# Birdhouse Ornaments



## BernieW (Sep 12, 2006)

Here are a few more birdhouses. Headed to the shop to whittle down on some more of them.


----------



## jw2170 (Jan 24, 2008)

Bernie, great, as usual........


----------



## TwoSkies57 (Feb 23, 2009)

There has to be a trick to turnin' those little birdies???????


----------



## BernieW (Sep 12, 2006)

Thanks James and Bill.

Yep Bill those birds are just buggers to turn.:lol:


----------



## Ironman50 (Jun 5, 2012)

I can hear the birds singing on this one! Great work.


----------



## Knothead47 (Feb 10, 2010)

OK, where did you get the little birds? SWMBO wants me to make some things for Christmas presents this year. I just want to give McDonald's gift certificates.


----------



## BernieW (Sep 12, 2006)

Thanks again. 

John I get my birds here. I get the 1" and 1.5" birds.

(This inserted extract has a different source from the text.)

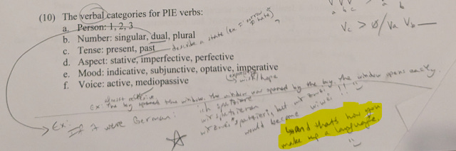 The last linguistics course I took was History of the German language as part of my master's degree (MAT) in Germanic Studies. My professor, Tracy Hall, had created his own course materials, which I printed and bound at the beginning of the semester, and used for notetaking when we went through them during class.

Feathered, Mushroom Birds : Sage Baskets


----------



## Knothead47 (Feb 10, 2010)

Bernie, thanks for the link.


----------



## Knothead47 (Feb 10, 2010)

Again, thanks for the link! There is a turning club near me. Need to get some help in turning small things.


----------



## BernieW (Sep 12, 2006)

Sounds like a plan John.


----------